The difference is one of scope. When BTreeMap relies on integers and slices, it's relying on one very specific implementation. This is a measured risk that can be weighed against the benefit. In this case there's basically zero risk; if integers and slices are broken, everyone is broken. Also, they're maintained by the same people who maintain BTreeMap, so it's easy to keep tabs on them.

On the other hand, BTreeMap's key type is generic. Trusting its Ord implementation means trusting every Ord implementation in the past, present, and future. Here the risk is high: someone somewhere is going to make a mistake and mess up their Ord implementation, or even just straight up lie about providing a total ordering because "it seems to work". When that happens, BTreeMap needs to be prepared.

The same logic applies to trusting a closure that's passed to you to behave correctly.

This problem of unbounded generic trust is the problem that unsafe traits exist to resolve. The BTreeMap type could theoretically require that keys implement a new trait called UnsafeOrd, rather than Ord, that might look like this:


# #![allow(unused_variables)]
#fn main() {
use std::cmp::Ordering;

unsafe trait UnsafeOrd {
    fn cmp(&self, other: &Self) -> Ordering;
}
#}

Then, a type would use unsafe to implement UnsafeOrd, indicating that they've ensured their implementation maintains whatever contracts the trait expects. In this situation, the Unsafe Rust in the internals of BTreeMap would be justified in trusting that the key type's UnsafeOrd implementation is correct. If it isn't, it's the fault of the unsafe trait implementation, which is consistent with Rust's safety guarantees.

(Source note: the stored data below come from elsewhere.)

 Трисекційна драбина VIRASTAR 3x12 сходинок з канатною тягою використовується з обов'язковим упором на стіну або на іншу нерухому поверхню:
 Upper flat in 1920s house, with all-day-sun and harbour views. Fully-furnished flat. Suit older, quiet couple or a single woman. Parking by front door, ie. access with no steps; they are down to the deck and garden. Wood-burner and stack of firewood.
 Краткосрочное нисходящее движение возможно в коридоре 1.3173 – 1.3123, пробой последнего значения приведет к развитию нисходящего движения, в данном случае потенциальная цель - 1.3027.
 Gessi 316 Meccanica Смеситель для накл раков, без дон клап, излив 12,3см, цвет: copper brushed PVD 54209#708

The decision of whether to mark a trait unsafe is an API design choice. Rust has traditionally avoided doing this because it makes Unsafe Rust pervasive, which isn't desirable. Send and Sync are marked unsafe because thread safety is a fundamental property that unsafe code can't possibly hope to defend against in the way it could defend against a buggy Ord implementation. Similarly, GlobalAllocator is keeping accounts of all the memory in the program and other things like Box or Vec build on top of it. If it does something weird (giving the same chunk of memory to another request when it is still in use), there's no chance to detect that and do anything about it.

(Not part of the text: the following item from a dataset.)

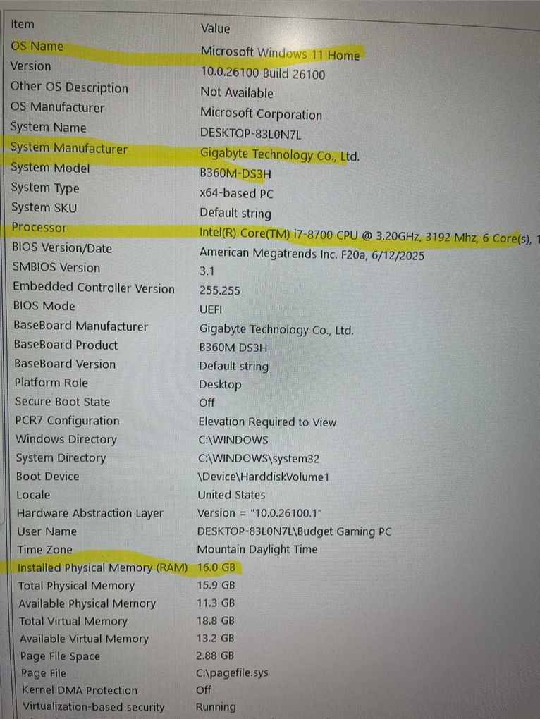 Specs: -Inwin ATX case -CPU: Intel i-7 8700 (Comparable to Ryzen 5 3500) -GPU: RX 5500 XT OC ed (8 GB) -RAM: 2 sticks of Gaming ram (16 GB total) -SSD: 500 GB Western Digital -PSU: 600 watt thermaltake white -Motherboard: Gigabyte B360M-DS3H -OS: Fresh Install Windows 11 home activated -Wifi and Bluetooth card
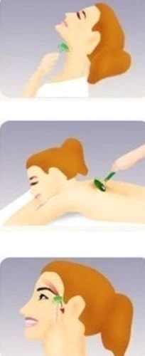 Therapy Products and More Relief is Just a Click Away! Jade Face Massage Massager 5 3/4" Length Beautiful Jade Stone Facial Roller NEW~Top Quality Facial Massage Roller Head Neck Face Length: 5 3/4" Width: 2 1/2" Material: Jade Style: Jade massage Condition: New Jade facial rollers, the skincare trend straight from Ancient China You are looking at a very nice Chinese green jade facial massager. The Jade facial massager was commonly used by Chinese women for centuries to reduce wrinkles. The most famous woman who used such device was Empress Ci Xi in late Qing Dynasty. It was said that her face was very soft and smooth when she died at age of 75. When use, hold the jade handle bar and move either wheel up or down your face for about 10-15 minutes each day. It helps your face to relax and thus reduce the appearance of wrinkles. Try what the Chinese Empresses did for generations and feel for yourself. Jade facial rolling is the new Botox. The idea of incorporating the healing properties of crystals into a daily skincare routine is immediately intriguing. In ancient China jade was the ultimate symbol of beauty, grace and immortality. Synonymous with wealth and opulence, this beautiful green stone has numerous healing properties. Commonly worn for protection and good luck, jade stone is also known to balance the emotions, calm the mind and release negativity. Jade can refer to two different types of crystal – Jadeite and Nephrite. The former is a lighter translucent stone, with the latter generally being darker in colour and easier to find. Both stones have similar healing properties. An amazing anti-aging treatment, adding facial rolling into your daily routine will firm up the skin, reduce puffiness and dark circles around the eye area and decongest the sinuses. It is also appropriate for those who suffer from breakouts, preventing the build-up of nasty toxins which cause spots. The natural properties of jade mean it stays cool to the touch, even in hot conditions.

The decision of whether to mark your own traits unsafe depends on the same sort of consideration. If unsafe code can't reasonably expect to defend against a broken implementation of the trait, then marking the trait unsafe is a reasonable choice.

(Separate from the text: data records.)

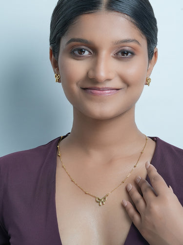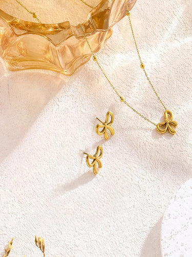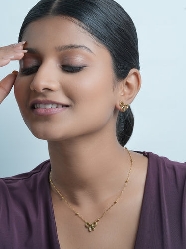 A timeless and elegant necklace set featuring a dainty bow pendant and studs for a charming look.
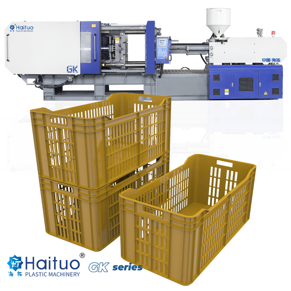 เครื่องฉีดพลาสติกแนวนอน 650T แบบไฮดรอลิก พร้อมเซอร์โวมอเตอร์ สำหรับผลิตกล่องผลไม้ กล่องเก็บผัก กล่องเก็บของทางการเกษตร วัสดุ PA/PC
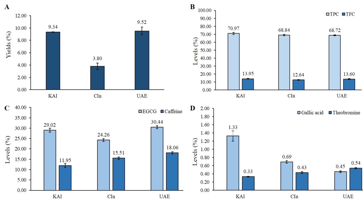 Fig. 6: Comparison of white tea extract using KAI, CIn, and UAE, yield of extracts (A), TPC and TFC (B), EGCG and Caffeine (C), and gallic acid, and theobromine (D), (n=6)
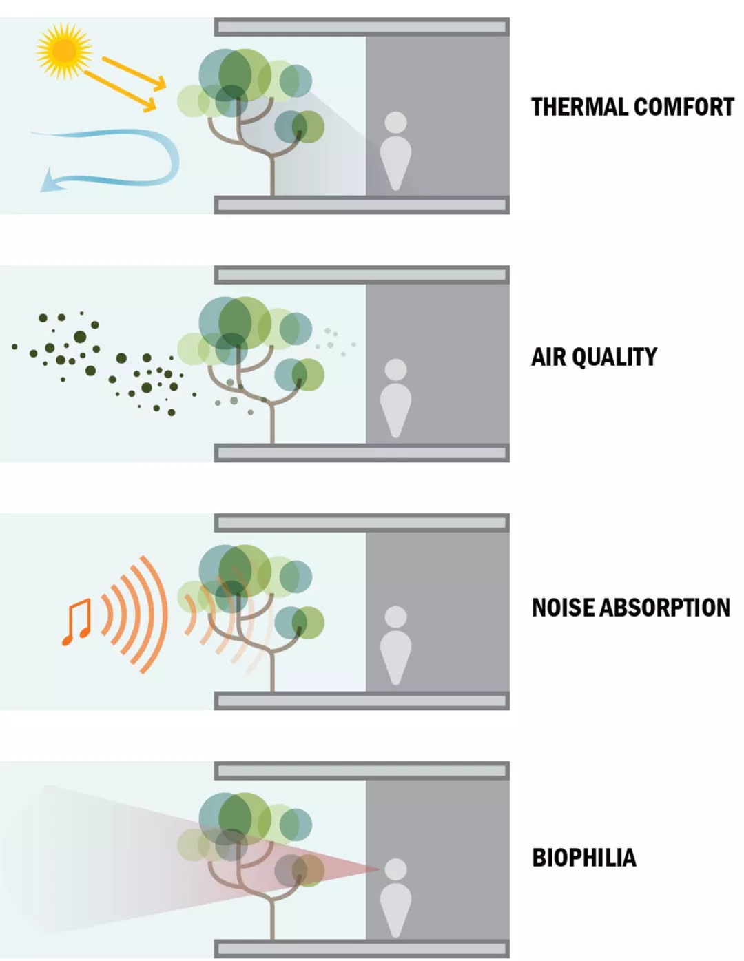 ▽绿植对室内的影响:建筑保温、净化空气、遮蔽噪音、自然之趣。

As an aside, while Send and Sync are unsafe traits, they are also automatically implemented for types when such derivations are provably safe to do. Send is automatically derived for all types composed only of values whose types also implement Send. Sync is automatically derived for all types composed only of values whose types also implement Sync. This minimizes the pervasive unsafety of making these two traits unsafe. And not many people are going to implement memory allocators (or use them directly, for that matter).

This is the balance between Safe and Unsafe Rust. The separation is designed to make using Safe Rust as ergonomic as possible, but requires extra effort and care when writing Unsafe Rust. The rest of this book is largely a discussion of the sort of care that must be taken, and what contracts Unsafe Rust must uphold.